I have been looking for the cause for some time, unfortunately still the same.
It is enough that on the main one I change something irrelevant for the second router, e.g. sending logs, Router 2 changes into a master for 1s.

m4rek11

@przemyslaw85,

My UTM01 not showing any log about CARP like doing it UTM02, so we have the same behavior, I think. Another example about that strange situation is if I change anything what require "reload" firewall on UTM01 (MASTER) and of course after reload it, randomly UTM02 (BACKUP) change to MASTER for little short of time. I think it is exacly what you described.

One thing what I plan to test is to change network interface for UTMs in hipervior (Proxmox) from Virtio to e1000 and separate that VLAN that this interface is only for communication between HA.

If anyone has any other ideas, please let me known.

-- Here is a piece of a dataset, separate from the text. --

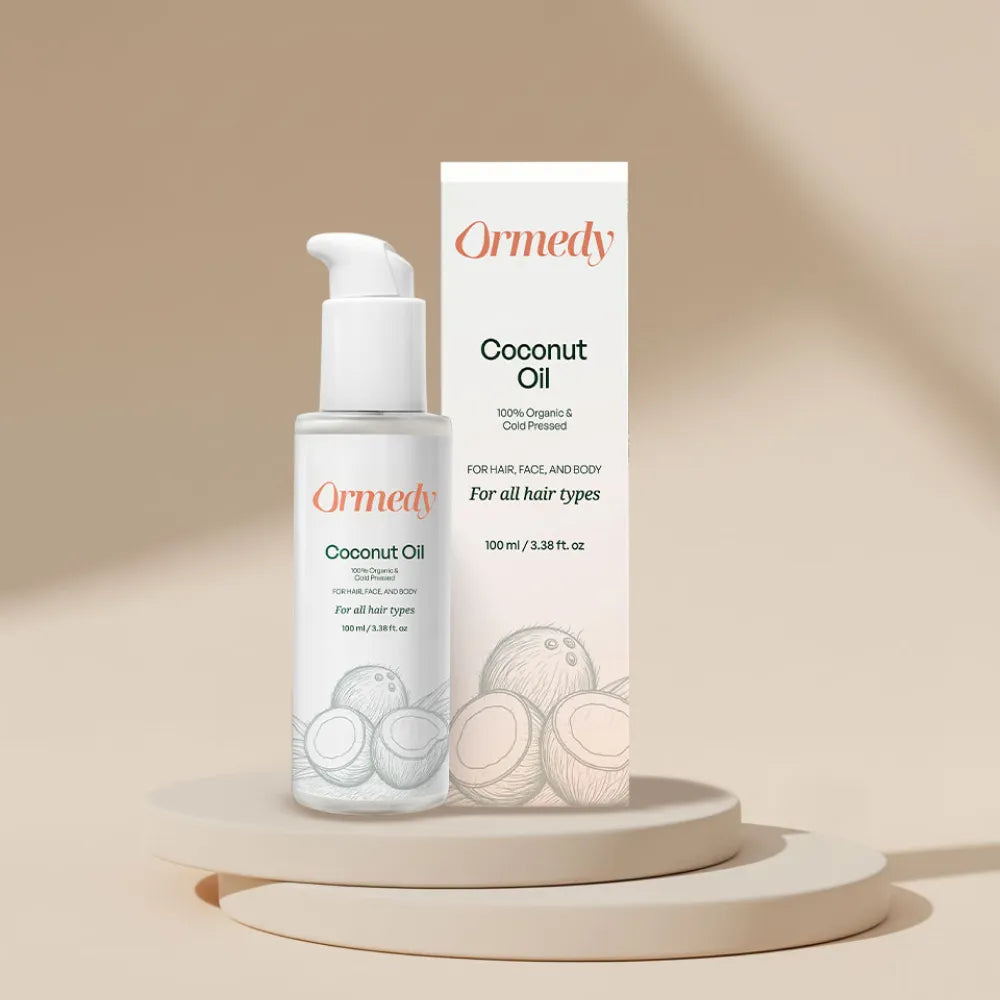 Gently massage Ormedy Coconut Hair Oil into your hair before shampooing, or leave it on overnight for deep, restorative nourishment.

P.S. @przemyslaw85 Po Twoich postach widziałem, że też z Polski jesteś, ale że nie opisałem problemu w kategorii "Polska", więc po angielsku kontynuuje wątek. W każdym razie dziękuję za post z Twojej strony. Może uda się problem rozwiązać w końcu.

Przemyslaw85

@m4rek11 I have a separate LAN port for Router1-Router2 sync.
It won't do much, but it is recommended that it be.
You also have the gateway monitor reset also on Router2?

PS. W naszym dziale wieje nudą. Mało jest nas co korzysta z tego oprogramowania. Wiec tutaj się podłączyłem.

Przemyslaw85

In the statistics for interfaces I see Error IN errors for Lan Sync.
Interestingly, the amount increases with these hops to Router 2.
I've already changed the server, network cards and ports. The problem persists.

m4rek11

@przemyslaw85

What do you mean about gateway monitor reset?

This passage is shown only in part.